- Work task -
Starting at the line with "humedad en las..." and stopping at the final line, retype the data below exactly; do not carry over any pictures.

- Input data -
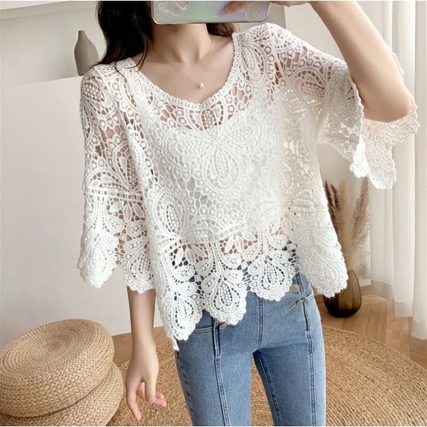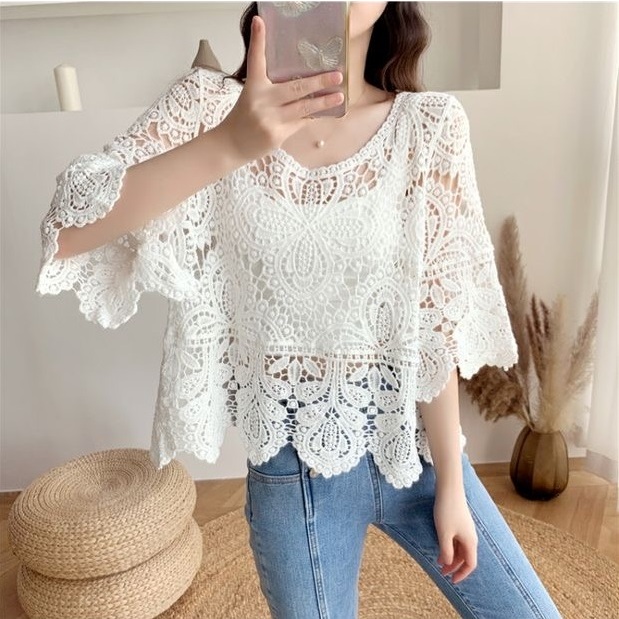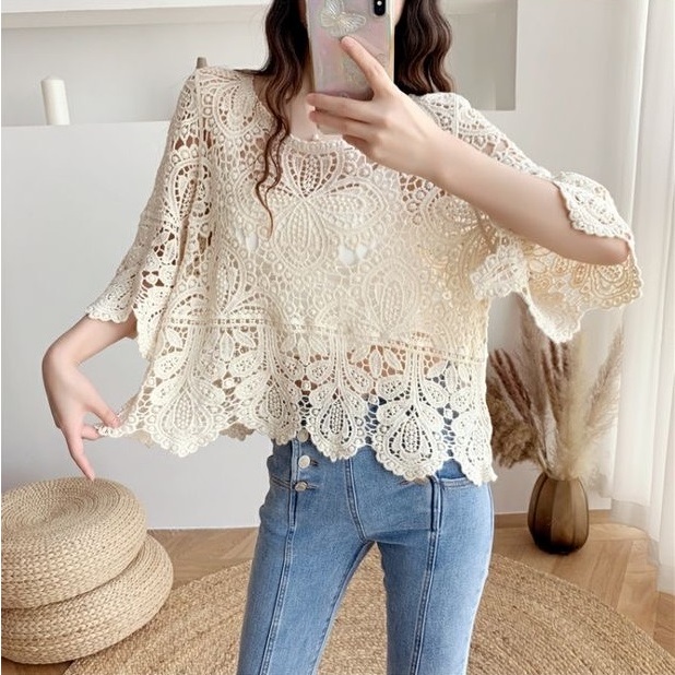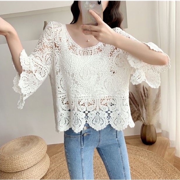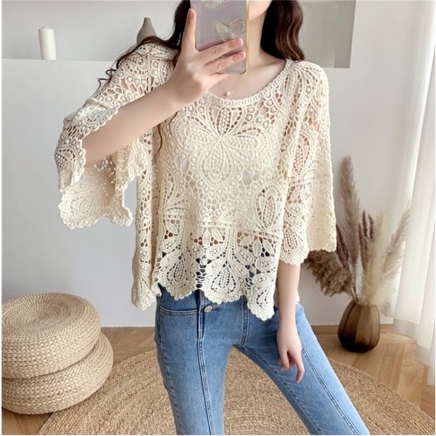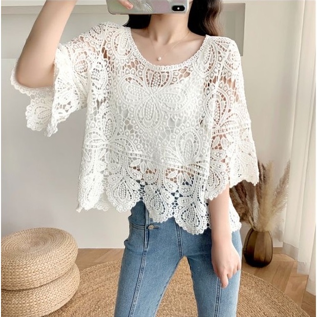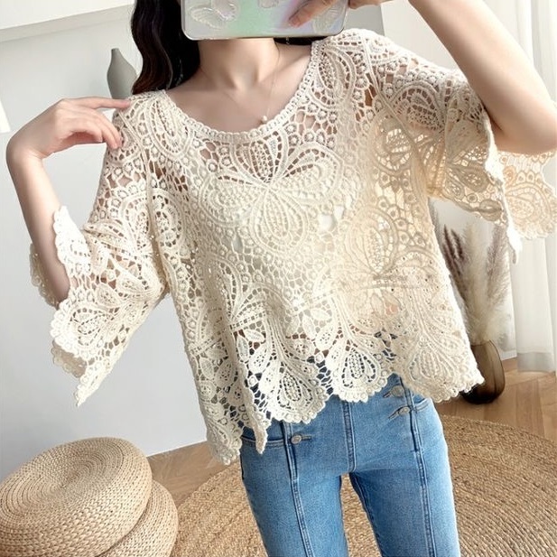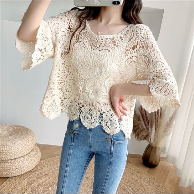 chen เสื้อถักลายฉลุดอกไม้แนววินเทจ แขนกระดิ่ง3ส่วนทรงหลวม สาวไซส์เล็ก-ใหญ่ใส่ได้ ใส่ได้หลายโอกาส
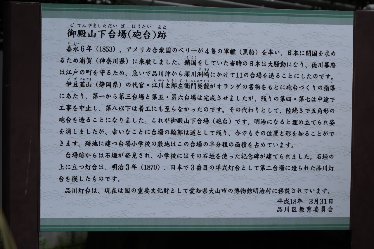 北品川駅から歩いて5分程の所にある台場小学校の校門の右手に品川灯台のレプリカが置かれています。実はこの小学校のある場所自体が江戸末期に江戸湾防衛の為に作った台場の跡です。特段見所はなく、レプリカ灯台の置かれている石垣が台場の石垣であったということ位です。
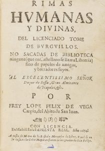 .1674.. LIBRO: .(LITERATURA- SIGLO ORO).. .VEGA CARPIO, LOPE FELIX DE:. .RIMAS HUMANAS Y DIVINAS, DEL LICENCIADO TOME DE BURGUILLOS. Madrid: Imp. Real, 1674. 8º. 8 h. + 160 fol. Cabeceras y capitales xilografiadas. Levísimo cerco de humedad en las...
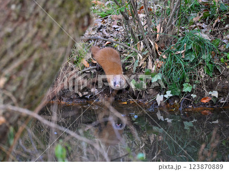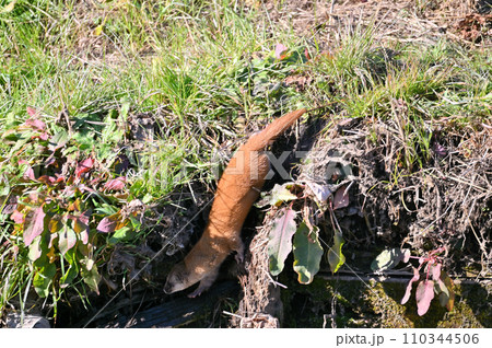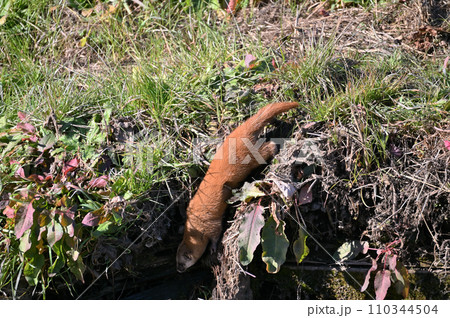 巣穴(餌場 狩場)にいるイタチ ニホンイタチ 野生

- Answer box -
 .1674.. LIBRO: .(LITERATURA- SIGLO ORO).. .VEGA CARPIO, LOPE FELIX DE:. .RIMAS HUMANAS Y DIVINAS, DEL LICENCIADO TOME DE BURGUILLOS. Madrid: Imp. Real, 1674. 8º. 8 h. + 160 fol. Cabeceras y capitales xilografiadas. Levísimo cerco de humedad en las...
 巣穴(餌場 狩場)にいるイタチ ニホンイタチ 野生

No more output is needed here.